- Theatrical release poster
- Directed by: Walter Hill (as Thomas Lee); Uncredited:; Jack Sholder; Francis Ford Coppola;
- Screenplay by: David C. Wilson
- Story by: William Malone Daniel Chuba
- Produced by: Ash R. Shah Daniel Chuba Jamie Dixon
- Starring: James Spader; Angela Bassett; Robert Forster; Lou Diamond Phillips; Peter Facinelli; Robin Tunney; Wilson Cruz;
- Cinematography: Lloyd Ahern II
- Edited by: Michael Schweiter Melissa Kent Francis Ford Coppola Freeman A. Davies
- Music by: David C. Williams
- Production companies: Metro-Goldwyn-Mayer Pictures Screenland Pictures Hammerhead Productions
- Distributed by: MGM Distribution Co. (United States and Canada) United International Pictures (international)
- Release date: January 14, 2000;
- Running time: 90 minutes
- Countries: United States Switzerland
- Language: English
- Budget: $60–90 million
- Box office: $14.8 million

= Supernova (2000 film) =

2000 American sci-fi film

Supernova is a 2000 science fiction film written by David C. Wilson, William Malone and Daniel Chuba and directed by Walter Hill, credited as "Thomas Lee."

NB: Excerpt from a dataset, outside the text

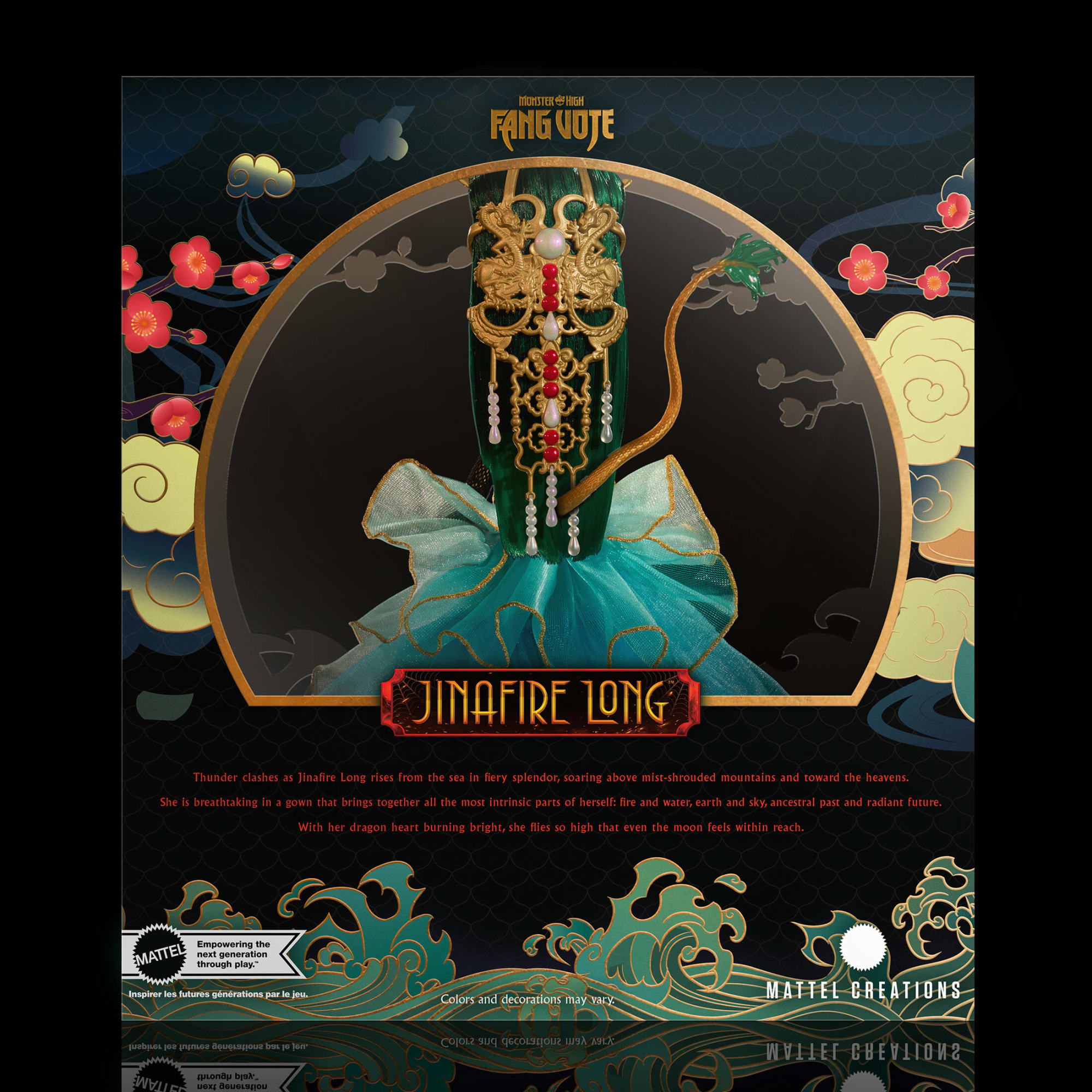 Fang Club members helped design this doll for all Monster High fans! You’d except some serious drip from a Fanghai fashion designer. and Jinafire Long doll brings it just in time for the Year of the Dragon. She appears as if she’s rising from the water in this absolutely ghoul-amorous gown inspired by her unique scaritage. Members submitted thousands of votes for her hairstyle. makeup. jewelry. nails. purse. shoes. and doll stand. The final creation is one you’ll crave for your collection.

"Thomas Lee" was chosen as a directorial pseudonym for release in lieu of Alan Smithee, as the latter had become too well known as a badge of a film being disowned by its makers. It was originally developed in 1988 by Malone as "Dead Star," with paintings by H. R. Giger and a plot that had been called "Hellraiser in outer space." Jack Sholder was hired for substantial uncredited reshoots, and Francis Ford Coppola was brought in for editing purposes. Various sources suggest that little of Hill's work remains in the theatrical cut of the film. The cast features James Spader, Angela Bassett, Robert Forster, Lou Diamond Phillips, Peter Facinelli, Robin Tunney, and Wilson Cruz. The film was shot by cinematographer Lloyd Ahern II and scored by composers David C. Williams and Burkhard Dallwitz.

Released domestically by MGM Distribution Co. and internationally by United International Pictures on January 14, 2000, the film was panned by critics, who criticized the story, characters, pacing, and effects, and was a box-office bomb, only grossing $14.8 million against its budget of between $60–90 million during its theatrical release, with an estimated loss of $83 million.

==Plot==
Supernova chronicles the search-and-rescue patrol of the medical ship Nightingale 229 in deep space in the early 22nd century and its six-member crew, which includes captain and pilot A.J. Marley, co-pilot Nick Vanzant, medical officer Kaela Evers, medical technician Yerzy Penalosa, search and rescue paramedic Danika Lund and computer technician Benjamin Sotomejor. Aboard their vessel, they receive an emergency distress signal coming from an ice mining operation on the moon Titan 37, more than 3,000 light-years away.

The crew answers the call and dimension-jumps—during which Captain Marley suffers fatal injuries due to a malfunction of the ship's equipment—arriving in the path of Titan 37's debris cloud, some of which damages the ship and causes the loss of 82 percent of its maneuvering fuel. Worse still, Titan 37 orbits a blue giant, and its high gravity field will pull the ship to the point where it will be incinerated in 17 hours, 12 minutes—which happens to be almost the same amount of time that the Nightingale 229 will need to recharge its jump drive, their only possible hope for escape. With only an 11-minute window for escape, the surviving crew soon find themselves in danger from the disturbing young man they rescue, and the mysterious alien artifact he has smuggled aboard. This artifact is analyzed by the ship's computer and is said to contain nine-dimensional matter.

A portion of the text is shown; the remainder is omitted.